►
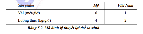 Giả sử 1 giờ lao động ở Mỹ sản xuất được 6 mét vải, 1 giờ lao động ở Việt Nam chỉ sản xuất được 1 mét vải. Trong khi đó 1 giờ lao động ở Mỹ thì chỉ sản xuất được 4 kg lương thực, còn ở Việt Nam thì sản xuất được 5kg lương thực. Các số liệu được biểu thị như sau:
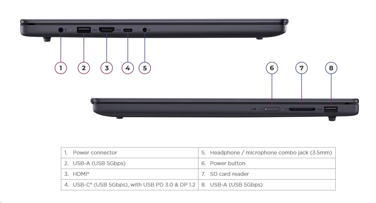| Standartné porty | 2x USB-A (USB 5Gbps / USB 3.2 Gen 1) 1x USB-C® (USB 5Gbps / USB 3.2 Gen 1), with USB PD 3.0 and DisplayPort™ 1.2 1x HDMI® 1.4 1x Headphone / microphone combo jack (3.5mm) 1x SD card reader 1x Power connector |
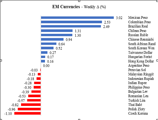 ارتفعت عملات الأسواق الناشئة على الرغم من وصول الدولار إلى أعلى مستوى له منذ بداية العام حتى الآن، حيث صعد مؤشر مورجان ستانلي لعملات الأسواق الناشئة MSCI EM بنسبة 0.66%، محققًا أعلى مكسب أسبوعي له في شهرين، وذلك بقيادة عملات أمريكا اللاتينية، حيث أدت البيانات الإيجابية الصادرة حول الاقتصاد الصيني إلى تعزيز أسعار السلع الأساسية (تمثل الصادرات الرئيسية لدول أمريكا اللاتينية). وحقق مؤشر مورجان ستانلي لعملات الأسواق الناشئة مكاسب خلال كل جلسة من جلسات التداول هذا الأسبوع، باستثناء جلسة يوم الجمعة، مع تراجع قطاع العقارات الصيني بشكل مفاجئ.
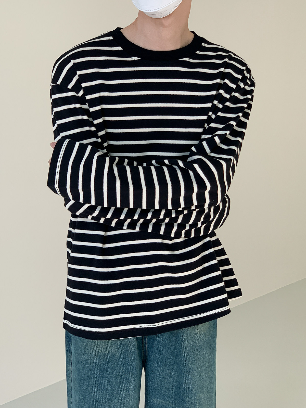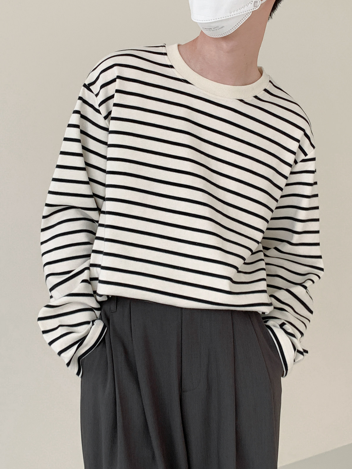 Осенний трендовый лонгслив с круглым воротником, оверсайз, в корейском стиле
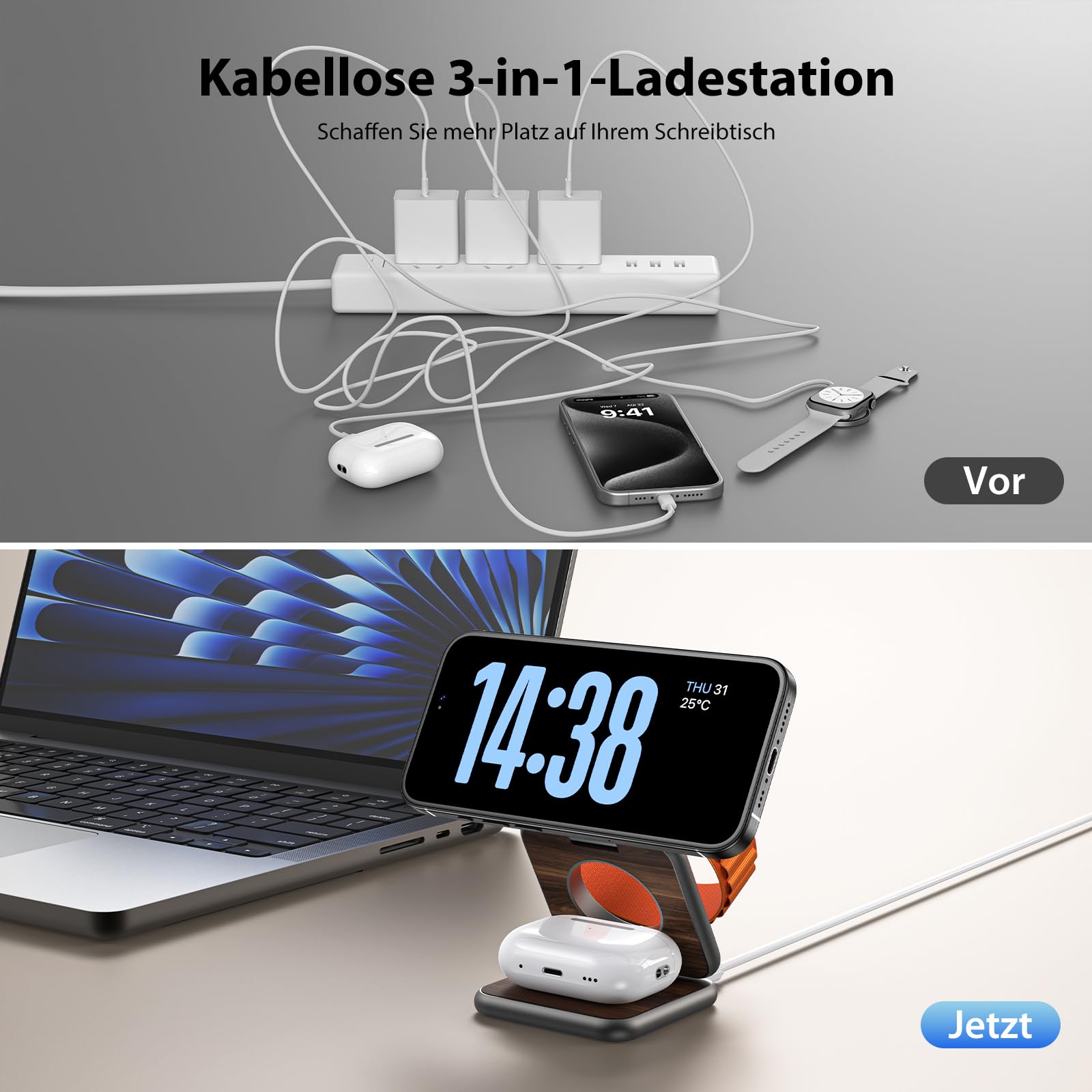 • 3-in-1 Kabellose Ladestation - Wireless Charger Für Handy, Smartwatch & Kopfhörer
◄
### [ASSIGNMENT]
Transcribe exactly the lines from the one holding "ارتفعت عملات الأسواق" through the final line of the material above, both ends included; any pictures should be dropped.

### [EXERCISE RESPONSE]
 ارتفعت عملات الأسواق الناشئة على الرغم من وصول الدولار إلى أعلى مستوى له منذ بداية العام حتى الآن، حيث صعد مؤشر مورجان ستانلي لعملات الأسواق الناشئة MSCI EM بنسبة 0.66%، محققًا أعلى مكسب أسبوعي له في شهرين، وذلك بقيادة عملات أمريكا اللاتينية، حيث أدت البيانات الإيجابية الصادرة حول الاقتصاد الصيني إلى تعزيز أسعار السلع الأساسية (تمثل الصادرات الرئيسية لدول أمريكا اللاتينية). وحقق مؤشر مورجان ستانلي لعملات الأسواق الناشئة مكاسب خلال كل جلسة من جلسات التداول هذا الأسبوع، باستثناء جلسة يوم الجمعة، مع تراجع قطاع العقارات الصيني بشكل مفاجئ.
 Осенний трендовый лонгслив с круглым воротником, оверсайз, в корейском стиле
 • 3-in-1 Kabellose Ladestation - Wireless Charger Für Handy, Smartwatch & Kopfhörer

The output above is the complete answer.